A acessibilidade da terapêutica com radioligandos não é igualitária para a população portuguesa devido à heterogeneidade da distribuição dos serviços de Medicina Nuclear. Para a implementação generalizada no SNS é necessário renovar ou construir novas infra-estruturas, facilitar e desburocratizar o licenciamento dos serviços e apostar na formação diferenciada. É igualmente importante dar a conhecer à comunidade médica, e no caso específico do cancro da próstata à comunidade urológica e oncológica, esta nova abordagem terapêutica disponível em Portugal.

Muitos casos de cancro da próstata em fases iniciais são assintomáticos. De que forma a Medicina Nuclear pode ajudar na vigilância ativa de forma a evitar uma progressão grave deste cancro?

A Medicina Nuclear não tem intervenção na fase diagnóstica ou precoce do cancro da próstata. Assume um papel mais relevante na fase do chamado estadiamento e re-estadiamento, quando é necessário determinar a localização e extensão da doença no organismo, através da aquisição de imagens por tomografia por emissão de positrões (PET/CT) que irão revelar onde se localiza uma molécula que se expressa nas células do cancro da próstata – o Prostate Specifc Membrane Antigen (PSMA). Esta mesma molécula é utilizada na terapêutica radiometabólica à qual será dirigida radiação mais energética que irá ter um efeito destrutivo nas células malignas do cancro da próstata.

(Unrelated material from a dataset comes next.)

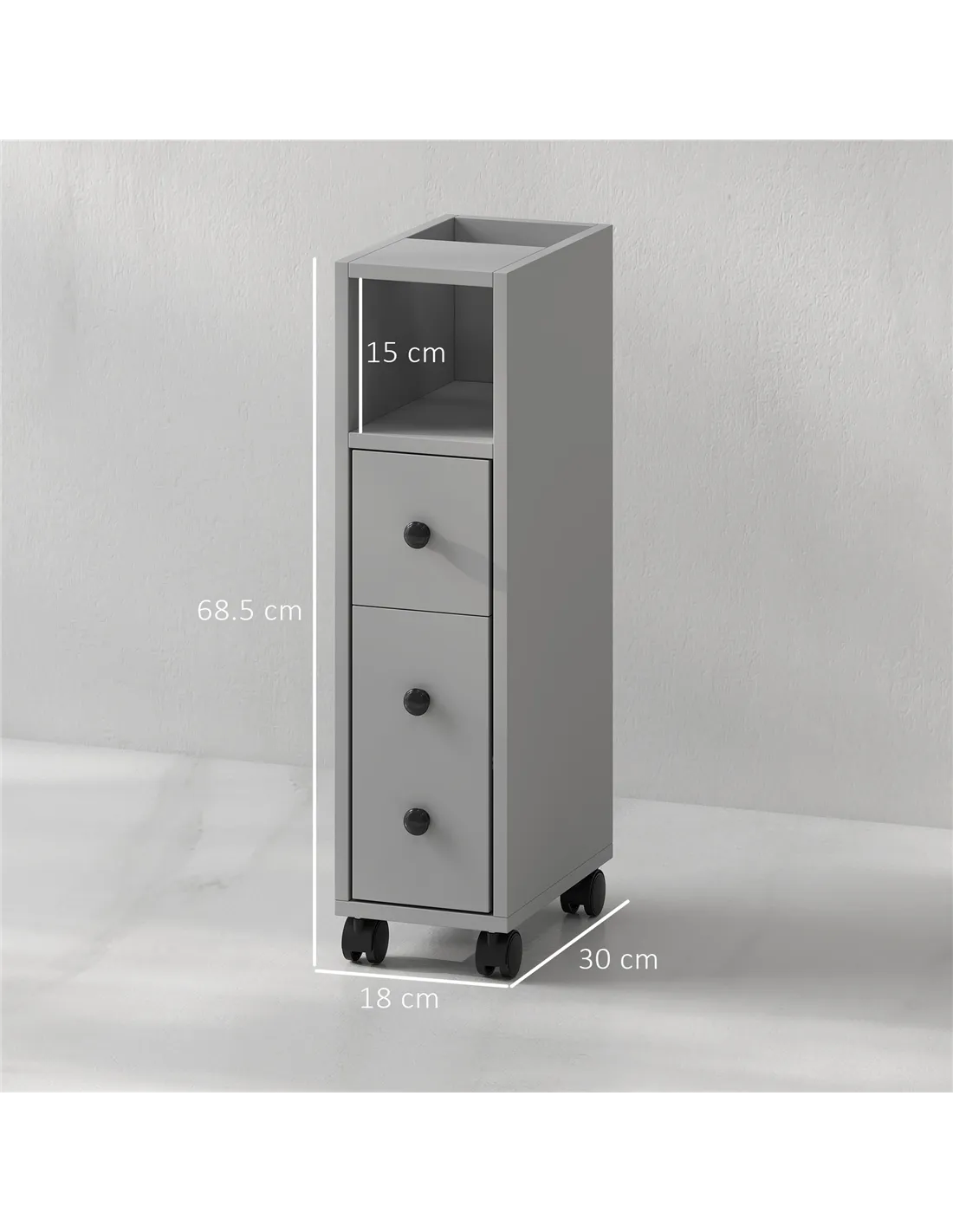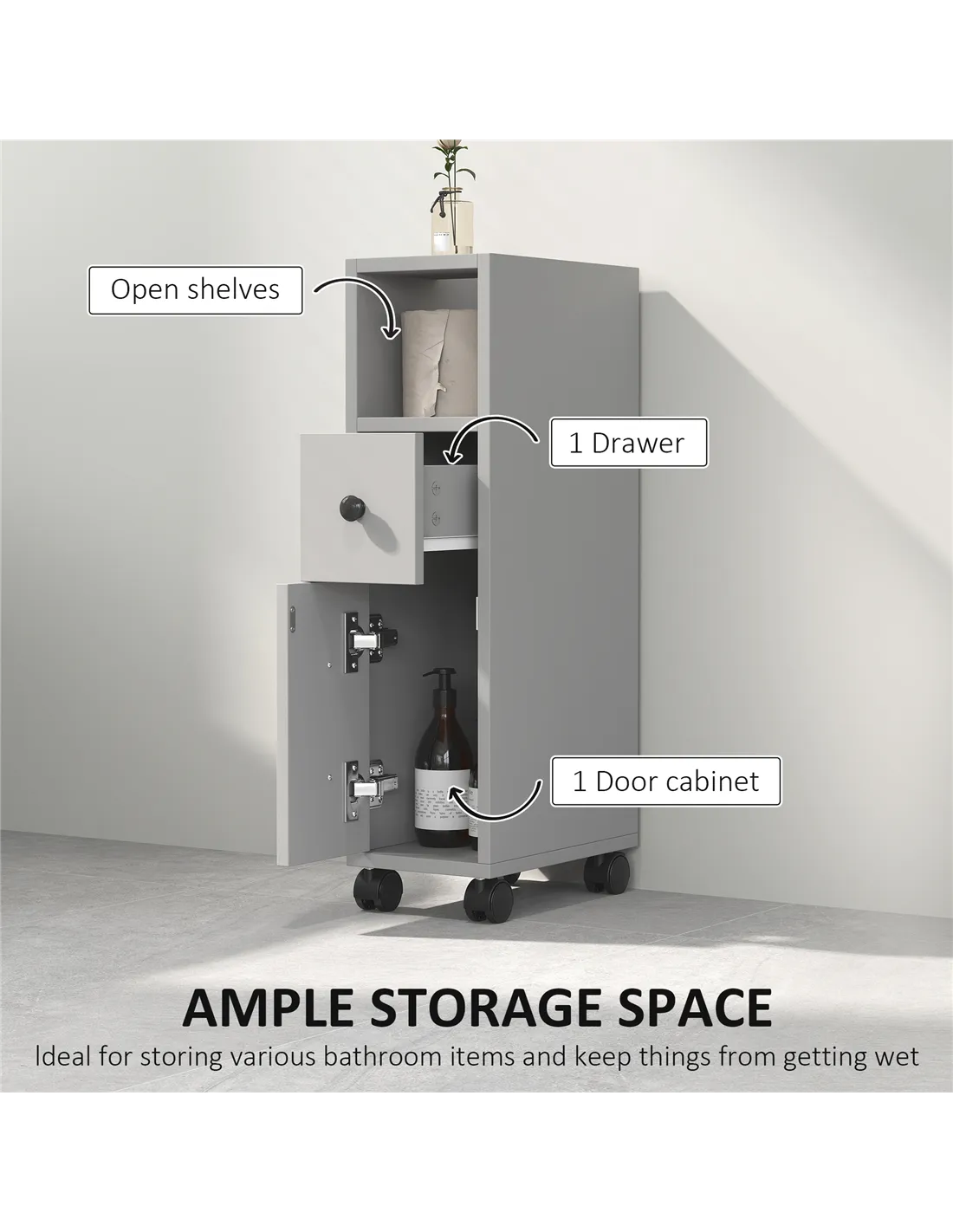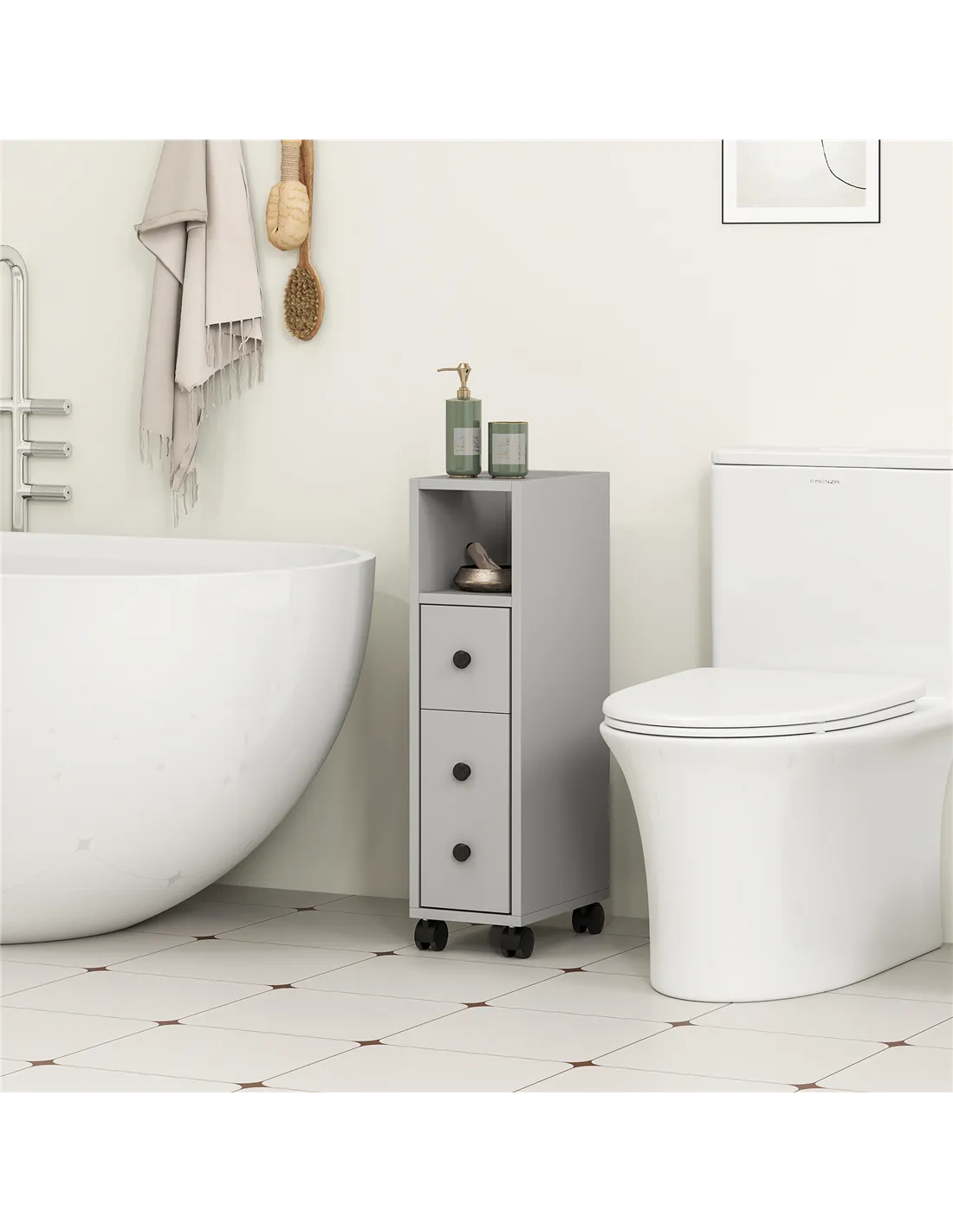 Expand your storage space beautifully with this bathroom cabinet from kleankin. A design which focuses on efficiency and style for homes, it is made with a large bathroom cabinet, a top drawer and two open compartments, giving you a decent amount of storage room. The frame is made from robust particle board to ensure it's suitable for everyday use and its slimline sizing will fit into narrow spots quite easily. Grey all over for a fresh appeal, it's equipped with black handles for a smart contrasting look and is finished with wheels for easy movement.

Todas as unidades de saúde que recebem este tipo de doentes deveriam disponibilizar, de forma gratuita, especialistas na área da Psico-Oncologia.

O IPO Porto tem sido pioneiro em várias áreas. Pode partilhar algum exemplo específico do impacto do trabalho da sua equipa na gestão do cancro da próstata?

A implementação de novas terapêuticas tem sempre impacto na dinâmica de qualquer serviço. Para além da preparação teórica inerente e experiência em terapêuticas semelhantes, é necessário criar um protocolo de acção e formar todos os profissionais de saúde envolvidos para cada passo do processo o que implica tempo e flexibilidade por parte de todos na gestão dos desafios que se colocam quando começamos algo novo. Esta terapêutica, o Lutécio-177 PSMA, não era inteiramente desconhecida para os médicos do Serviço de Medicina Nuclear do IPO Porto uma vez que alguns tiveram contacto com este tratamento em centros de referência fora de Portugal.

Em Portugal é dado um eficaz acompanhamento psicológico aos doentes portadores de cancro da próstata? O que se faz e, idealmente, o que deveríamos estar a fazer?

O cuidado com a saúde mental e o acompanhamento psicológico da população em geral em Portugal está muito aquém do que deveria ser feito. Deveríamos apostar no cuidado psicológico não só do doente com cancro, mas também das famílias. Não podemos dissociar o doente do seu papel social e familiar e um diagnóstico de cancro é uma verdadeira avalanche para todos. Na minha opinião e no caso particular do cancro, todas as unidades de saúde que recebem este tipo de doentes deveriam disponibilizar, de forma gratuita, especialistas na área da Psico-Oncologia desde o primeiro momento começando nas unidades de cuidados de saúde primários.